AI agent demos may seem mind-blowing, but ensuring the technology works reliably without annoying or costly errors in real life can be a challenge. Current models can answer questions and converse with near-human skills and form the basis of chatbots such as OpenAI’s ChatGPT and Google’s Gemini. They can also perform tasks on the computer with a elementary command by accessing the computer screen as well as input devices such as a keyboard and trackpad, or through low-level software interfaces.
Anthropic claims that Claude outperforms other AI agents in several key tests, including SWE benchwhich measures an agent’s software development skills and OSWorldwhich measures the agent’s ability to utilize the computer’s operating system. The claims have not yet been independently verified. Anthropic claims that Claude completes OSWorld tasks correctly 14.9% of the time.

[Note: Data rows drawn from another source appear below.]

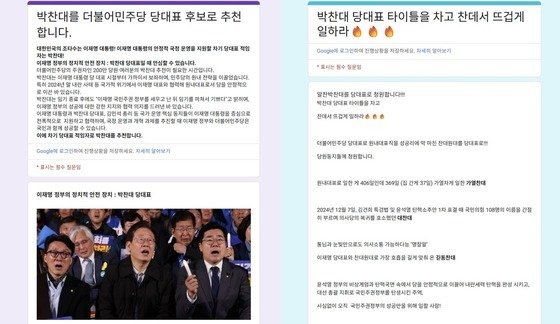 또 다른 내용의 서명서도 퍼지고 있다. '박찬대 당대표 타이틀을 차고 찬 데서 뜨겁게 일하라'는 제목의 이 성명서에도 "이재명 당대표와 찬대원대(원내대표)로 가장 호흡을 길게 맞춰왔다"며 "비상계엄과 탄핵 국면 속에서 당을 안정적으로 이끌어 내란 세력 탄핵을 완성 시키고, 대선 총괄 지휘로 국민주권 정부를 탄생시킨 주역"이라는 표현이 적혀있다.
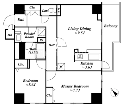 | 平米数 | 63.41m2 | 部屋詳細 | LDK13.1帖/洋室7.7帖/洋室5.6帖 |
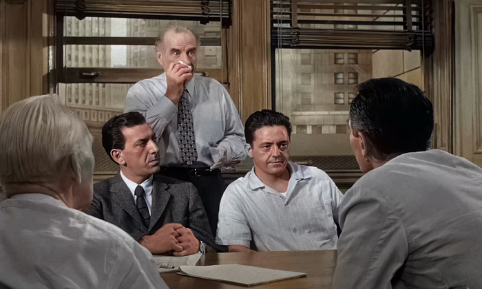 О фильме: 1956 год. В США заканчивается эпоха маккартизма, еще сильна расовая сегрегация, а на экраны выходит скромная (всего $349 тысяч) судебная драма, снятая в одной комнате. В фильм не закладывалось то, что мы видим сейчас, Реджинальд Роуз (сценарист), изначально писавший пьесу для театра всего лишь описывал свой опыт по участию в судебном процессе. Но я не случайно вспомнил маккартизм и сегрегацию, представьте себе, как было разделено общество в США в то время, охота на «коммунистов и их приспешников», чёрные и белые, и да, вечные богатые и бедные. Большинство людей в таком обществе с лёгкостью зрителя гладиаторских боёв судило любого человека, достаточно было кому-то указать на этого человека и сказать «он – коммунист», белые винили чёрных и наоборот, бедные винили во всех своих бедах богатых, а богатые презирали бедных. Фильм так и начинается, одиннадцать присяжных готовы отправить подростка на электрический стул потому, что «суд всё доказал» и «что тут думать, голосуем и закончим с этим». Но решение нужно принять единогласно и один, проголосовавший против, переворачивает взгляд остальных присяжных и зрителей. Фильм снят в одной комнате, но это не спектакль. Напряжение, возникающее в комнате, подчеркивается великолепной операторской работой и ритмом самого фильма. Сценарий, проработанный до мелочей, не провисает, а только выкручивает напряжение до самого конца фильма. Актёрам не просто веришь, а начинаешь понимать их героев. Именно понимать, понимать их мотивации и мысли. После просмотра становится понятно почему этот фильм до сих пор изучают на юридических факультетах и курсах по работе в группе. Это настоящий гимн презумции невиновности, критическому мышлению и логике.

That’s significantly lower than humans, who generally achieve about 75 percent success, but significantly higher than current top agents, including OpenAI’s GPT-4, which succeed about 7.7 percent of the time.
Anthropic says several companies are already testing an agent-based version of Claude. This includes Canvawho uses it to automate design and editing tasks and Repeatwhich uses the model to encode tasks. Other early adopters include: Company Browser, Asana AND Concept.
About the pressa postdoctoral researcher at Princeton University who helped develop SWE-bench says agentic AI typically lacks the ability to plan far ahead and often has difficulty correcting errors. “To demonstrate their usefulness, we need to perform well on difficult and realistic tests,” he says, such as reliably planning a wide range of trips for the user and booking all the necessary tickets.
Kaplan notes that Claude can already solve some bugs surprisingly well. For example, if a terminal error occurred while trying to start a web server, the model knew how to change its command to fix it. It also turned out that he must have enabled pop-ups when he encountered a dead end while browsing the web.
Many technology companies are currently racing to develop AI agents, chasing market share and positioning. In fact, it may not be long before many users have agents at their fingertips. Microsoft, which has pumped more than $13 billion into OpenAI, says it is testing agents that can utilize Windows computers. Amazon, which has invested heavily in Anthropic, is exploring how agents could recommend and ultimately purchase goods to their customers.
Sonya Huang, a partner at the venture firm Sequoia, which focuses on artificial intelligence companies, says that despite all the hype around AI agents, most companies are actually just rebranding their AI tools. In an interview with WIRED ahead of Anthropic News, he says the technology currently works best when applied to narrow fields, such as coding work. “You have to choose problem areas where if the model fails there is no problem,” he says. “These are problematic spaces where truly home-grown agent companies will emerge.”
A key challenge with agent-based AI is that errors can be much more problematic than a garbled chatbot response. Anthropic placed certain restrictions on what Claude could do, such as limiting his ability to utilize a person’s credit card to purchase things.
If mistakes can be avoided enough, says Princeton University’s Press, users can learn to see artificial intelligence – and computers – in entirely recent ways. “I’m very excited about this new era,” he says.